Jackson, who was born in Georgia and moved to Arizona at the age of 10, admits he grew up a Vols fan and a fan of former coach Phillip Fulmer.

When asked if he quit pulling for the Big Orange when Fulmer was asked to step down, Jackson laughed: "No, no. Obviously there's a couple of years there, but I still had their back."

What Tennessee as a program has done in utilizing the tight end in its offense over the years and being a feeder system to the NFL truly catches Jackon's eye.

"That's huge. That's huge," he said. "It's not just blowing smoke. They can show you guys that they transformed and guys that they helped get better and pushed to accomplish their dreams of playing at the next level. That means a lot to me because obviously that's my dream and what I want to be doing."

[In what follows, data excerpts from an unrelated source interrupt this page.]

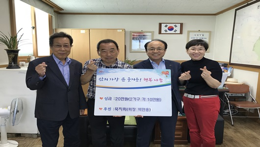 익명의 기부자 쌀 기탁, 정수로타리 생필품, 묵지회 현금 기탁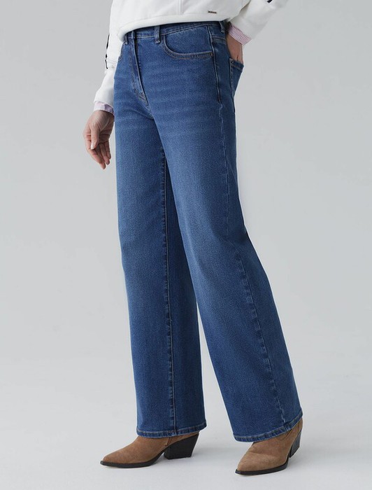 Стильные джинсы трубы синего цвета цвета прямого кроя выполнены из эластичного облегченного денима, что делает их особенно удобными для повседневной носки. Легкая декоративная стирка добавляет интересный акцент и подчеркивает современный дизайн. Джинсы правильного кроя визуально вытягивают силуэт, благодаря эластану в составе аккуратно садятся на любую фигуру, подчеркивая достоинства и обеспечивают максимальный комфорт в течение дня, не сковывая движения. Широкая размерная линейка подходит для разных типов фигур: свободные джинсы комфортны как для обладательниц пышных форм, так и для худеньких. Вы сможете подабрать джинсы на низкий или высокий рост. Джинсы идеально держат форму даже при активном движении и не вытягиваются после долгой носки. Качественная надежная фурнитура  делает эти джинсы премиальными. Широкий подгиб добавляет актуальности — такой тренд отлично сочетается как с обувью на каблуке, так и на плоском ходу. Благодаря универсальному дизайну джинсы легко комбинируется с разными элементами гардеро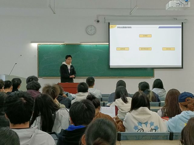首先,成曉超向學生干部介紹學生社團的概念以及性質,增強了大家對學生社團的理解,加入社團既能豐富校園生活,也增進了學生德智體美勞發展,學生可以在此發揮自己的特長,鍛煉工作能力。隨后,他講述了學生社團組織架構,以及各部門職責簡介,幫助院學生會同學更好的理解自己負責的職務。他明確了社團組織建設、社團組織管理的內要,并介紹了學生社團負責人的選舉條件,學生社團負責人必須政治立場鮮明,學習成績優秀,組織能力突出且未受過學校處分。最后,成曉超對學生社團的宣傳和活動安排提出要求,學生社團應堅持正確的輿論導向,確保發布內容積極健康,舉辦活動要經過多方審批等。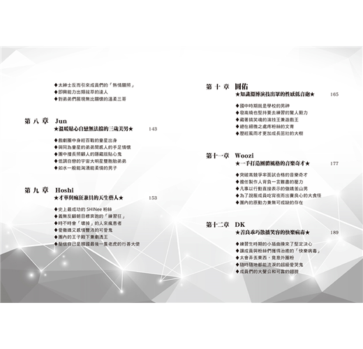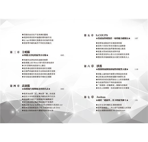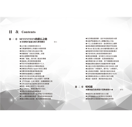 本書完整收錄SEVENTEEN出道以來的心路歷程,以及各個成員的多樣魅力,看SEVENTEEN如何相互扶持,各司其職,發揮完美的分工模式,並在瞬息萬變的韓流音樂界站穩腳步,成為團魂滿滿的正能量男子偶像天團。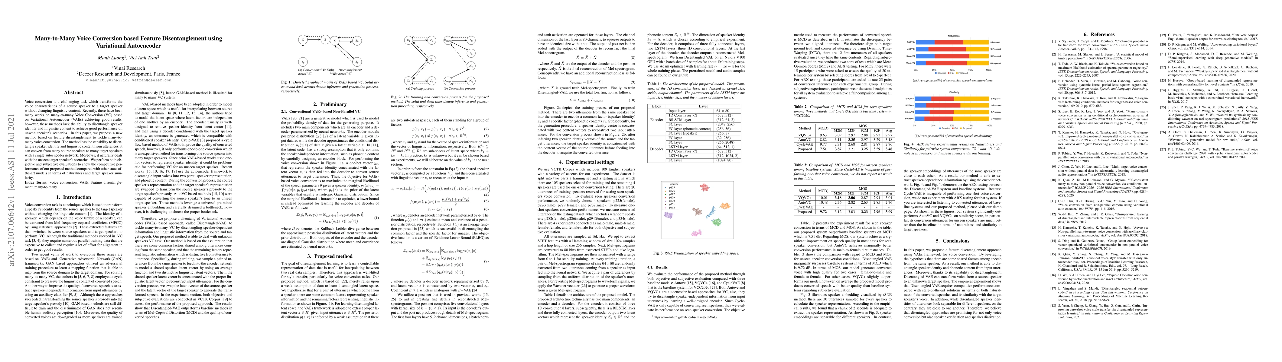 This paper proposes a new method for many-to-many voice conversion using feature disentanglement with a Variational Autoencoder (VAE) to separate speaker identity and linguistic content, achieving competitive performance in unseen target speaker scenarios. The method demonstrates superior naturalness and target speaker similarity compared to state-of-the-art models.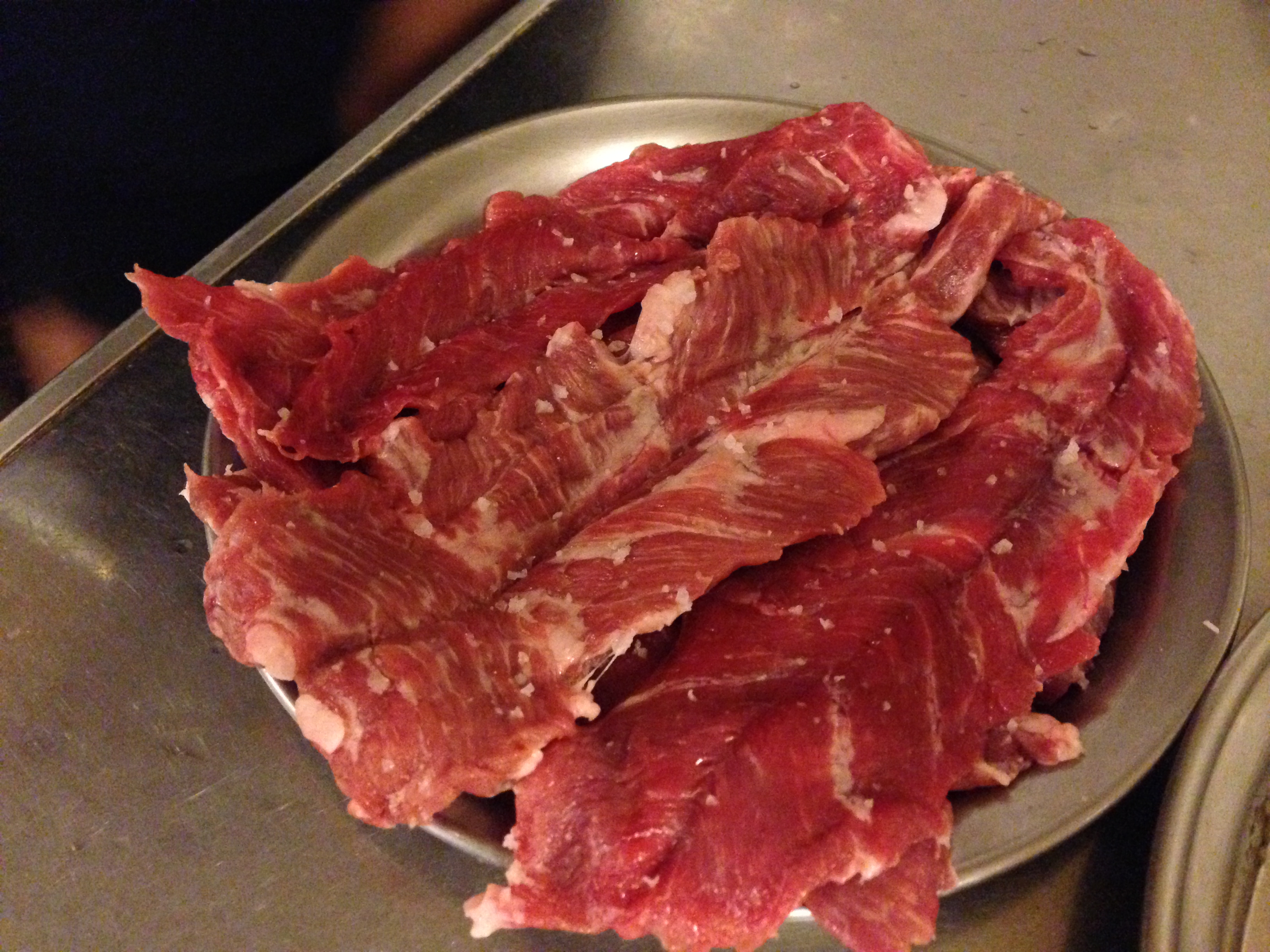 생갈매기살을 시키면 갈매기살이 원래 어떻게 생겼는지 짐작할 수 있다.

Jackson has been tough to cover thus far in 2011 for the Artichokes as the sophomore caught 27 passes for 458 yards and seven touchdowns in his first six games.

He doesn't want to be a pass-catching tight end exclusively. He's working diligently to improve his run-blocking skills.

"It's coming along great. I had a great test against Arizona Western. They have a lot of Division I prospects, so it was a great test. I played pretty well. Getting better every day, just working on it. I'm improving," he said.

The playmaker continues to learn how to use his athleticism to offset his size disadvantage when slowing down hard-charging defensive ends and linebackers.

"That's what it's all about (accentuating the point of contact) and me getting on a guy and getting under his pads and striking him off the line and using my feet and my speed to get into good position," he said.

Jackson, who turned 20 in June, isn't the typical academic casualty that is forced to go the JUCO route. He actually skipped fourth grade back in elementary school, graduated from Gilbert (Ariz.) High School at 16 and wasn't quite able to get his test scores high enough to get into a four-year university.

He wants to pursue a degree in Communications and plans to enroll at his next school in January.